The Popular Group will address an urgent question to the Government to explain how it is going to reverse the impoverishment of families
MADRID, 15 Abr. (EUROPA PRESS) –
The PP has accused the Government of having raised more than 40 tax figures since 2019 and making Spain the country with the “greatest increase in tax pressure” of the Organization for Economic Cooperation and Development (OECD) in the last four years .
According to the complaint by the Popular Group in an urgent question registered in Congress, some of these tax increases have been carried out even in the pandemic and only in 2021 a dozen taxes were raised. Among them are personal income tax, savings tax, corporate tax, VAT or wealth tax.
In 2022, says the PP, the Social Security contributions of workers and the self-employed were raised, the tax on Savings, Heritage, Companies, all taxes related to real estate and also a new tax on single-use plastics.
Already this year, the ‘popular’ point out, another dozen taxes have been increased again, which, as they explain, have had a “particular cruelty” in the taxation of employment. The PP has also warned that the Executive of Pedro Sánchez has delayed, “because it is an election year”, other tax increases that they have committed to the European Commission to receive European funds, such as payment for the use of conventional roads.
For the PP, these figures have meant a record result of tax collection, which reached 255,000 million euros in 2023, which implies an increase of 32,000 million euros compared to 2021 and 42,656 million compared to 2019.

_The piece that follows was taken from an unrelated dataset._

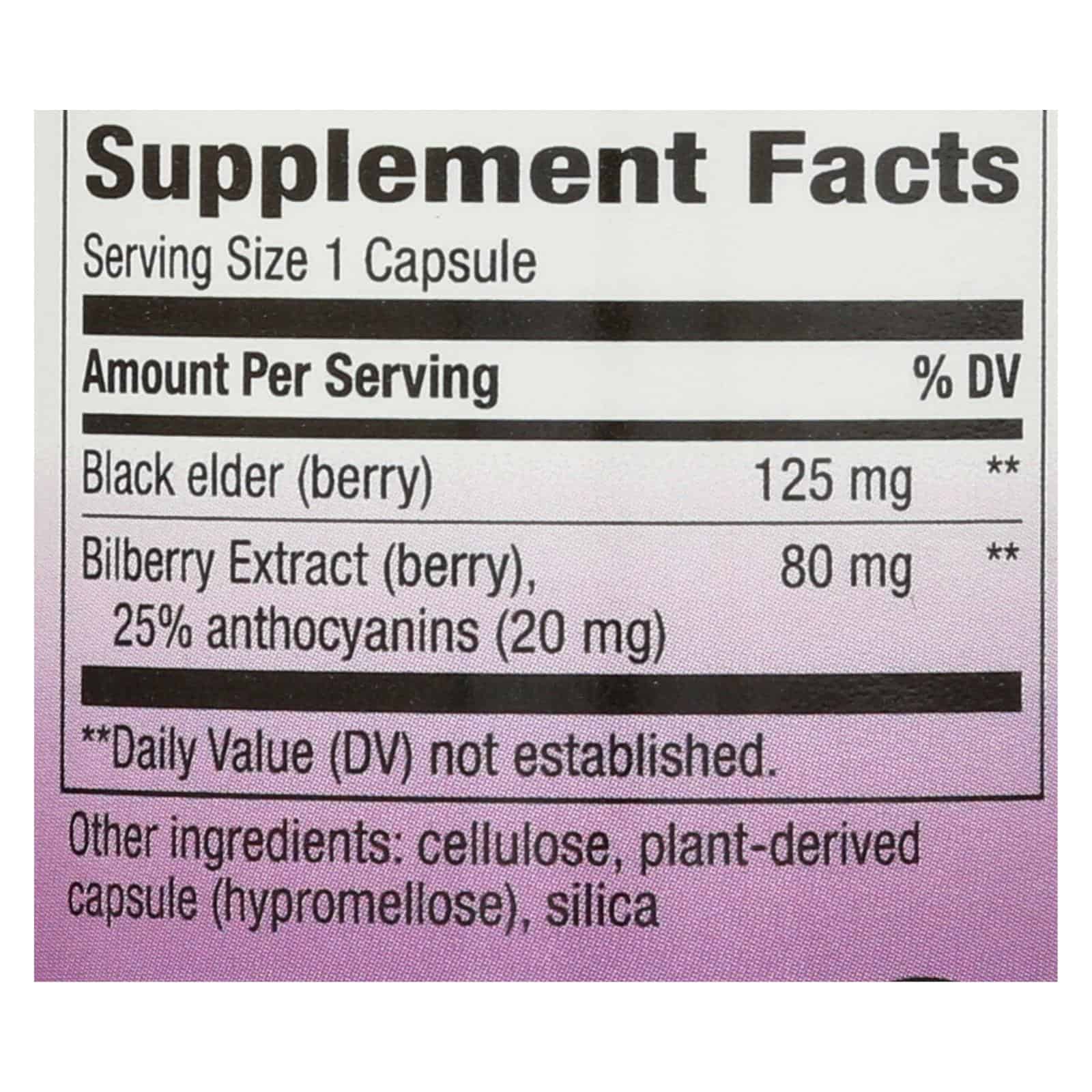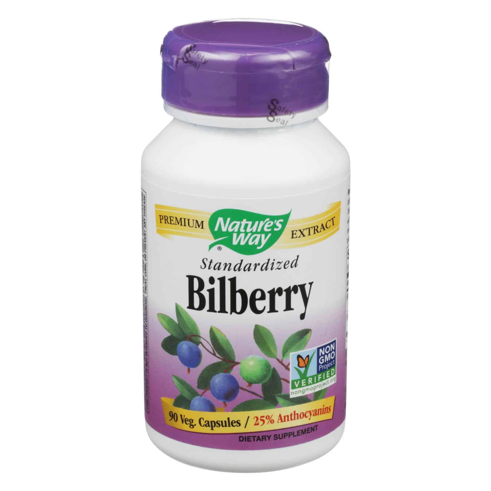NATURE’S WAY STANDARDIZED BILBERRY EXTRACT DIETARY SUPPLEMENT SUPPORTS EYE FUNCTION THANKS TO A BLEND OF BLACK ELDERBERRY AND BILBERRY EXTRACT. EACH VEGETARIAN CAPSULE IN THIS 90 COUNT BOTTLE PROVIDES 20 MG. OF ANTHOCYANINS. CONSUME ONE CAPSULE THREE TIMES DAILY, PREFERABLY WITH FOOD, OR YOU CAN DOUBLE THE DOSAGE FOR INTENSIVE USE.

A large part of this additional collection, points out the PP, has been paid by families, since the taxes that a large part of the increase corresponds to personal income tax, with which 22,593 million more have been collected compared to 2019; and VAT, whose collection has increased by 11,057 million.
To these tax increases, Grupo Popular adds the effect of inflation, which according to calculations by the Bank of Spain has boosted tax collection by up to 50% due to its effect on some taxes such as personal income tax or VAT.
For all these reasons, the PP will address an urgent question to the Government in the plenary session of Congress next week to explain the measures it intends to adopt to reverse the loss of disposable income and the impoverishment of families, aggravated, in its opinion, by a “confiscatory fiscal policy”.
This interpellation will give rise to a motion that will be debated and voted on in the next plenary session of the Lower House.